The exercises are also quite abstract, and heavily focus on multiple choices based on "Look at this example directory tree" - not making use of the actual directory trees in the data we have them download.

I think it'd flow a lot better if:

  1. Basic shell scripts were introduced very early - possibly straight after basics like using wildcards on the command line.
  2. Then, a lot of the multiple choice exercises could be replaced with 'write a shell script that...' which used the actual data directories in the material - so people can poke around and explore to find the answer if they don't know.
  3. Tools were then introduced with use cases for the actual data - e.g.
    • Using 'find' to get a subset of files
    • Using grep to extract a particular ID/date/time of record from that file
    • Using cut to select a particular column
    • Using loops to repeat this for a particular set of parameters
    • Using shell script inputs to allow the user to specify the column

There's a lot of use of wc, sort, head -n and tail -n but I don't think they're that likely to be part of real pipelines. If selecting specific lines is required then sed -n is the realistic option, whilst head and tail should be introduced for their typical uses of peeking at files.

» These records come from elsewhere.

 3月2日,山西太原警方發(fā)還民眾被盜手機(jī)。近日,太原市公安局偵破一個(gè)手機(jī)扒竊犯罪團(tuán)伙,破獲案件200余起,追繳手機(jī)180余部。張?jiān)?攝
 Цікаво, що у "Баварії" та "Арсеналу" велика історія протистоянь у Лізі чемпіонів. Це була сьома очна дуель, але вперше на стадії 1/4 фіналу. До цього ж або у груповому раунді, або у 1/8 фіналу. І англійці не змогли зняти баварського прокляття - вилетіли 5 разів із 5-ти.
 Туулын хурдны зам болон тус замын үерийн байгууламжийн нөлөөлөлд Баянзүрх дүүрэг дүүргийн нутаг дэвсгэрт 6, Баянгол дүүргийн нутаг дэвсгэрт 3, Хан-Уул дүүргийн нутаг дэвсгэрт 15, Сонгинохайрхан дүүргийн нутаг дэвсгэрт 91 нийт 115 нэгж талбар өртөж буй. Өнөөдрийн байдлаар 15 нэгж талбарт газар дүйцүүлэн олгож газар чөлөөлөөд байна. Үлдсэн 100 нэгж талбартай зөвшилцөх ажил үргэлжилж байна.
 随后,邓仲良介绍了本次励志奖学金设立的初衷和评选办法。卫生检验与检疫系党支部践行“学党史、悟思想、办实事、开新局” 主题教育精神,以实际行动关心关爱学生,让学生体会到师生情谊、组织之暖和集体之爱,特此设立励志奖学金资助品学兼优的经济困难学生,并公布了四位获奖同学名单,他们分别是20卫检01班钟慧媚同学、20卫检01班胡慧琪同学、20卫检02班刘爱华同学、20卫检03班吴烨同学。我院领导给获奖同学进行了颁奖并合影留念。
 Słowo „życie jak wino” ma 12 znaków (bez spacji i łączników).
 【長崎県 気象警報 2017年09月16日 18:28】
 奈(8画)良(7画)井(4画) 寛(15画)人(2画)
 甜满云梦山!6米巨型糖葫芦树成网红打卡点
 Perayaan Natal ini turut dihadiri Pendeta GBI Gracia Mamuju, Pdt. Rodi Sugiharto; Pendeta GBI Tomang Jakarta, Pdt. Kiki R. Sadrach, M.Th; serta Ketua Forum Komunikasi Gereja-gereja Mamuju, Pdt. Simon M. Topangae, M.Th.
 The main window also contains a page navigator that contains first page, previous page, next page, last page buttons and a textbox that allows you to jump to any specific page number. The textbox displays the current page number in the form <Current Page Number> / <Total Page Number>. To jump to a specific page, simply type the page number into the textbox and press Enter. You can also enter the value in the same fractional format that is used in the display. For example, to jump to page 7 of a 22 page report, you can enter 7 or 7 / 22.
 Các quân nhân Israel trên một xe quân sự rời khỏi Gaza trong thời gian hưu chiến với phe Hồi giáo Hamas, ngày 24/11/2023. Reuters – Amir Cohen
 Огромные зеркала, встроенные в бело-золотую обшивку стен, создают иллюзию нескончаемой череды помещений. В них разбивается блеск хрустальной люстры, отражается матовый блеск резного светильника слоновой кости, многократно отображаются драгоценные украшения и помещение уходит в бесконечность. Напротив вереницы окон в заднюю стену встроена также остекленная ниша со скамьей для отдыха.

smangham avatar Oct 30 '24 10:10 smangham

From my perspective, if a learner has never seen the shell before, let alone heard about scripting, then introducing shell scripts early would greatly increase the cognitive load for a learner. Without a mental model of the filesystem, as they are increasingly used to cloud based solutions where this is often abstracted away, writing scripts in early exercises would be a big ask in my experience. By using simple and abstract exercises, a learner doesn't have to focus on the data itself but can focus on running the commands and getting used to typing commands into the prompt and interpreting the output.

Similarly, the multiple choice exercises attempt to provide formative assessment for the instructor and learners.

Again, I feel this is the goal of the lesson is to introduce novice learners to what is often a completely alien environment, not to attempt to get them writing shell scripts from the outset.

froggleston avatar Oct 30 '24 12:10 froggleston

Thanks for your feedback. A more coherent narrative could be helpful, though using data from a variety of fields is good because the software carpentry curriculum helps people develope software in a variety of fields. Shell scripts are useful, but transitioning to a command line editor takes a bit of time, and so would make learning more challenging. wc and sort are helpful in processing data. sed would require more introduction to regular expressions.

Possibly relevant further reading is Data Science at the Command Line.

bkmgit avatar Nov 12 '24 18:11 bkmgit

  1. Interesting suggestion! I agree with @froggleston that it is probably better to wait to introduce scripts as I think opening and closing the scripts to edit them and then and running them will be hard for new learners that are just getting started with the unix shell. Though it is really interesting since it would create better documentation of commands used from the start. Would really enforce documentation best practices but may be better for subsequent shell lessons, for example the shell-extras incubator lesson or other intermediate lessons that may be developed.
  2. Without switching to scripts this isn't as relevant. I will add I think the abstract nature of the exercises is on purpose. So that learners have to think through the problem first instead of trying it out. There is a mix of this in the exercises, some where learners have the data and can play with it and others where they have to think about it conceptually instead of trying it out first.
  3. I think these would be great changes. Always good to include common use cases as authentic examples in the lesson.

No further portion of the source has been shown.